Centralized Management of Academic Space
Academic teaching space is a costly resource to build and maintain. The need to squeeze more efficient use out of estates has resulted in a move away from locally owned departmental spaces to models where non-specialist rooms are shared by multiple departments based on need and availability (as opposed to the perceived ownership or right of use). This can take the form of institutional spaces shared by all departments, overlapping zones based on geographic proximity, or a combination of the two. This, in turn, has necessitated more centralised management to ensure fair use and global reporting for space management and planning, and the responsibility for rooming often rests with a single central team or business unit who may, or may not, also be responsible for scheduling.
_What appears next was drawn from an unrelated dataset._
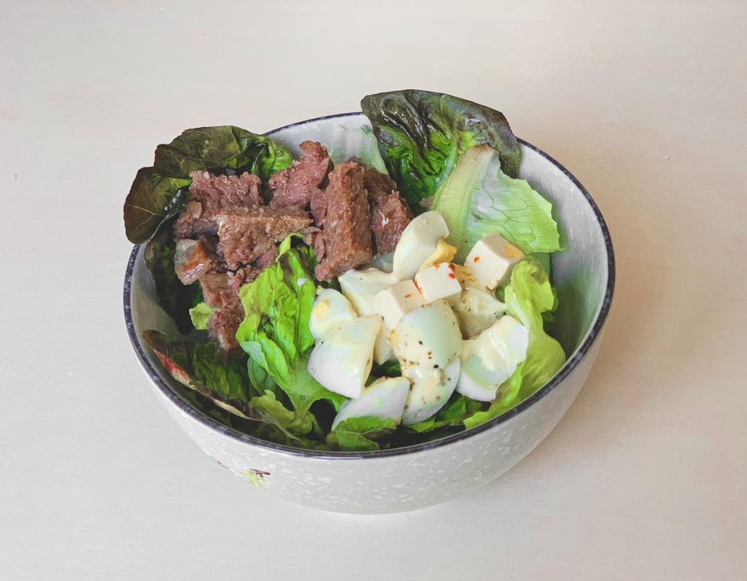 空腹快走改剧本后的蛋白质早餐,即便是不粘的纸无油总是有点粘。于是用香菜叶子垫了一下豆腐,完...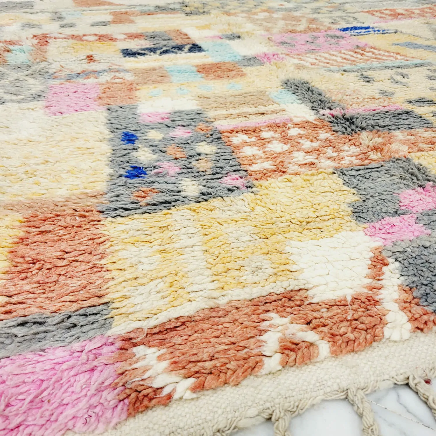 Whether used as a statement piece in a living room or as a cozy accent rug in a bedroom, the Moroccan Berber Boujaad Vintage Rug is a timeless and versatile piece that will add a touch of cultural heritage and charm to any home décor.

Benefits of Rooming Automation
Either way, such a team can benefit from rooming-only automation with relatively little effort. CELCAT Automation provides tools to quickly convert an existing scheduled timetable into a series of so-called templates and constraints. These can then be refined and sent to the automation engine for rooming only, whilst leaving all the events at their manually scheduled times. CELCAT Automation is also very flexible, allowing users to automate any chosen subset of their events. Additionally, Automation does not remove the element of human control from the timetable. It assigns rooms to events in a fast batch process guided by constraints and weights but, after that, the affected events can continue to be edited just like any other CELCAT event- which includes changing the room(s) manually or with the Room Adviser.
Time Savings and Efficiency
From a process perspective, this can bring significant time savings. At one of our clients, the entire process to room about 1,500 scheduled events into shared rooms takes less than an hour, shaving an estimated two weeks from the team’s timetable work every year. In addition to time savings, automation allows users to gain valuable insights into their timetable through reporting, identifying bottlenecks, and quickly running ‘what-if’ modelling scenarios to measure the effects of removing or adding rooms to the estate.
Implementation Strategy
For institutions looking to move to full automated timetabling, which includes scheduling, implementing rooming-only automation as a first step can serve as a ‘quick win’ to build trust and convince stakeholders of the value of automation. It also helps to gradually increase the users’ technical familiarity and competency with the software and concepts, reducing the need for complex training. Lastly, from a risk management perspective, it can initially be run in parallel with the usual manual rooming processes with relatively little extra effort, allowing for a safe objective comparison of the outcomes before deciding which of the final two timetables to publish and use.